March is a wonderful month to enjoy moisture-loving moss.

Snow melt, moist air and ground awakens moss from winter slumber.

Turtle Mountain, BX Creek, Kal Park and trails with rocky outcroppings beside lakes are marvellous places to observe moss waking up in March.

Mosses are bryophytes; the most primitive land plants. They’re without flowers, fruits, seeds, roots or a vascular system to conduct water internally.

They are the most simplest plants of leaf and stem, yet elegant. Approximately 22,000 species have evolved worldwide to inhabit tiny niches in virtually every ecosystem.

Lacking a support system, they’re small. They fill in cracks, grow between plants, are epiphytic on trees, and succeed where other plants can’t - on rocks, cliffs, bark, etc. They’re the amphibians of the plant world; the evolutionary first step toward the terrestrial life between algae and higher plants.

They need moisture to breed and supply microscopic nutrients to grow.

But moss is extraordinarily resilient to dehydration and can become desiccated for many years and still survive once water is replenished. Most mosses turn shape and change colour when they dry out but return to full vigour only minutes after wetting.

They grow in extremely packed, intertwined, dense colonies to hold water like a sponge. And their leaf shapes hold water too.

They’re often growing in moist, shady areas of the forest. The type of chlorophyll in their leaves is fine-tuned to absorb filtered forest light.

So you’ll find rich carpets of moss in dark, moist evergreen forests. But deciduous forests’ fallen autumn leaves smother moss. So here they grow on stumps, logs and rocks above ground.

The tiny upright mosses trap air movement or breezes along the moist ground. With so much decomposing in and on the ground, there’s lots of carbon dioxide – the feed for photosynthesis. Mosses reproduce with fertilized spores encased in capsules on long upright stalks. The powdery spores waft in the wind away from their thick parental carpet. But mosses can reproduce asexually too by breaking up and cloning like many other plants.

Knowing mosses enriches our knowledge of the world. So slow down and look closely as moss patterns emerge. Some look like feathers, ferns, tufts, fluff, and even electrified cat’s tails – that’s the honest-to-goodness real name of a common B.C. moss. So few mosses have common names because so few people take notice to intimately observe them. But you can!

Next time you’re hiking, take along a hand lens. Or, if you’re birding, your binoculars make a powerful magnifier by looking in the wrong end with the eyepiece close to the moss. You’ll be surprised!
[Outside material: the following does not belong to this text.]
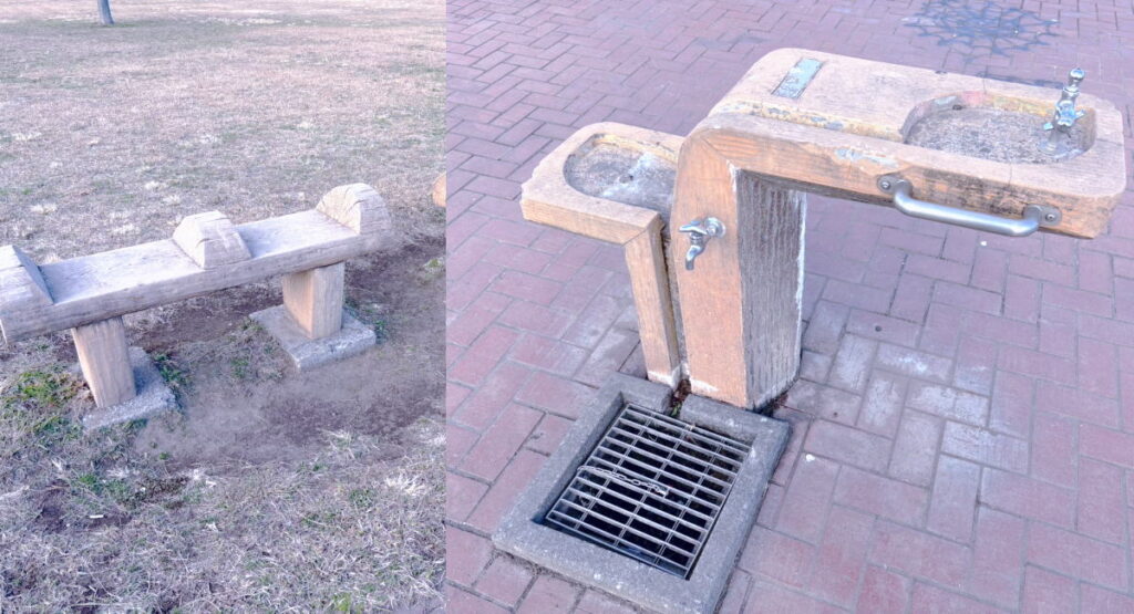 広場には、このようなベンチや手洗い場なども多数設置されています。ハイキングや犬の散歩なんかで来られている方も多い場所です。子供も遊具などがあるので、退屈しのぎにはなるのかなと思います。
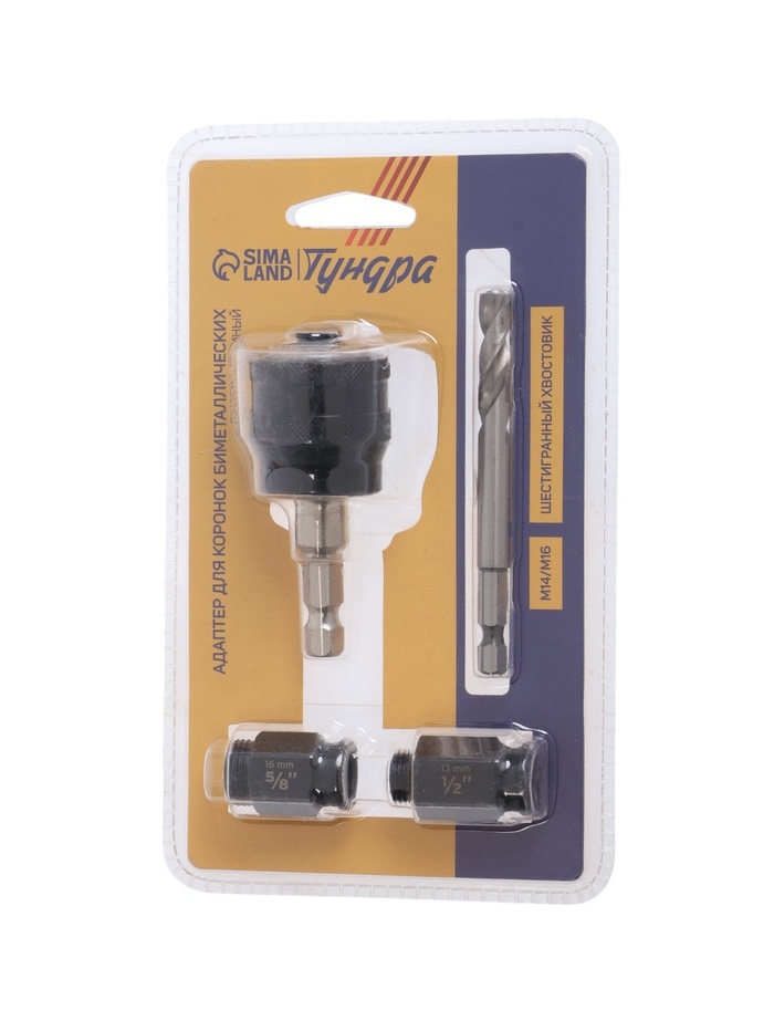 Адаптер для коронок биметаллических ТУНДРА, быстросъемный, шестигранный хвостовик, М14/М16 1072444

The excellent Lone Pine guide to Plants of Southern Interior British Columbia has a useful scientific key to help identify many of our common mosses. Some of their common names are fun to learn. And for a wonderfully entertaining and informative story about moss get Gathering Moss by Robin Wall Kimmerer (author of the renowned Braiding Sweetgrass). Our library has it.

So, head out this spring to enjoy the miniature world of moss!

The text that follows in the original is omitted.